However, in practice, the shared libraries on most systems do not change often. Therefore, it is possible to compute a likely load address for every shared library on the system before it is needed, and store that information in the libraries and executables. If every shared library that is loaded has undergone this process, then each will load at their predetermined addresses, which speeds up the process of dynamic linking. This optimization is known as prebinding in Mac OS X and prelinking in Linux. Disadvantages of this technique include the time required to precompute these addresses every time the shared libraries change, the inability to use address space layout randomization, and the requirement of sufficient virtual address space for use (a problem that will be alleviated by the adoption of 64-bit architectures, at least for the time being).

An old method was to examine the program at load time and replace all references to data in the libraries with pointers to the appropriate memory locations once all libraries have been loaded. On Windows 3.1 (and some embedded systems such as Texas Instruments calculators), the references to patch were arranged as linked lists, allowing easy enumeration and replacement. Nowadays, most dynamic library systems link a symbol table with blank addresses into the program at compile time. All references to code or data in the library pass through this table, the import directory. At load time the table is modified with the location of the library code/data by the loader/linker. This process is still slow enough to significantly affect the speed of programs that call other programs at a very high rate, such as certain shell scripts.
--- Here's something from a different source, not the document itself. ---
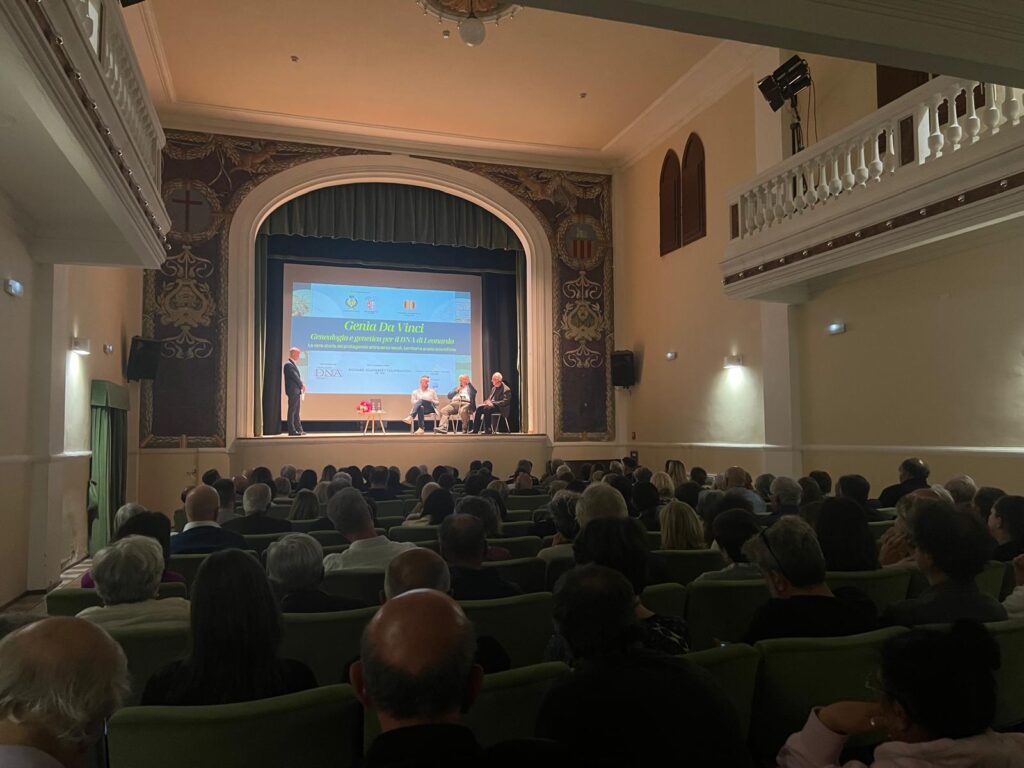 Teatro di Vinci gremito ieri sera, giovedì 22 maggio, per la presentazione del volume "Genìa Da Vinci. Genealogia e genetica per il Dna di Leonardo" di Alessandro Vezzosi e Agnese Sabato (Angelo Pontecorboli Editore), anticipata dalla rivelazione dei contenuti il 21 maggio (qui i dettagli). Tra gli argomenti principali trattati dal libro, c’è un complesso albero genealogico documentato dagli autori che risale al 1331, l’identificazione di 15 discendenti in linea maschile del padre e del fratellastro di Leonardo e il riscontro, tramite esame del Dna condotto in collaborazione con l’Università di Firenze, di porzioni del Cromosoma Y coincidenti tra sei di questi, confermando la continuità genetica della linea maschile della famiglia Da Vinci almeno a partire dalla XV generazione. Discendenti presenti alla serata che, al teatro di Vinci, sono saliti sul palco.
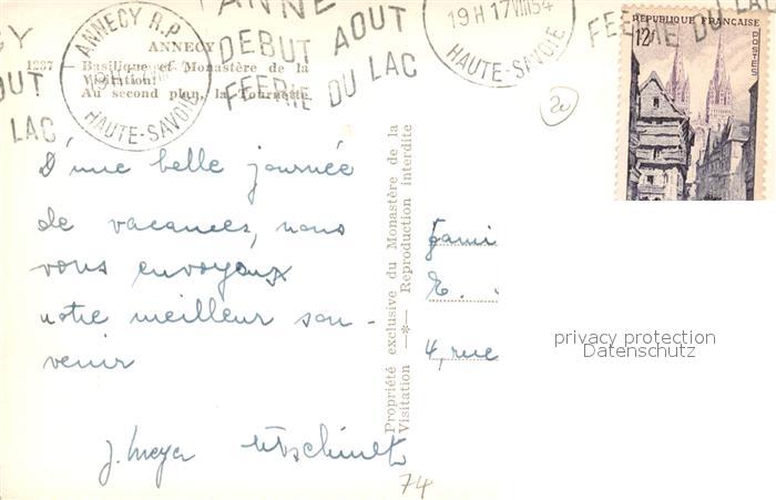 13488879 carte postale Annecy Haute-Savoie Basilique et Monastère de la Visitation La Tournette Alpes postalisch gelaufen Erhaltung siehe scans [FriedD77] KatCode: 11170074174010

The library itself contains a jump table of all the methods within it, known as entry points. Calls into the library "jump through" this table, looking up the location of the code in memory, then calling it. This introduces overhead in calling into the library, but the delay is usually so small as to be negligible.

Locating libraries at runtime

Dynamic linkers/loaders vary widely in functionality. Some depend on explicit paths to the libraries being stored in the executable. Any change to the library naming or layout of the filesystem will cause these systems to fail. More commonly, only the name of the library (and not the path) is stored in the executable, with the operating system supplying a system to find the library on-disk based on some algorithm.
Unix-like systems
Most Unix-like systems have a "search path" specifying file system directories in which to look for dynamic libraries. On some systems, the default path is specified in a configuration file; in others, it is hard coded into the dynamic loader. Some executable file formats can specify additional directories in which to search for libraries for a particular program. This can usually be overridden with an environment variable, although it is disabled for setuid and setgid programs, so that a user can't force such a program to run arbitrary code. Developers of libraries are encouraged to place their dynamic libraries in places in the default search path. On the downside, this can make installation of new libraries problematic, and these "known" locations quickly become home to an increasing number of library files, making management more complex. ; Microsoft Windows : Microsoft Windows will check the registry to determine the proper place to find an ActiveX DLL, but for other DLLs it will check the directory that the program was loaded from; the current working directory (only on older versions of Windows); any directories set by calling the SetDllDirectory() function; the System32, System, and Windows directories; and finally the directories specified by the PATH environment variable.[2] ; OpenStep : OpenStep used a more flexible system, collecting a list of libraries from a number of known locations (similar to the PATH concept) when the system first starts. Moving libraries around causes no problems at all, although there is a time cost when first starting the system. ; AmigaOS : Under AmigaOS libraries can be stored in any directory. Application-specific libraries are often stored in the application's directory, while libraries supplied with the OS are stored in the Libs directory.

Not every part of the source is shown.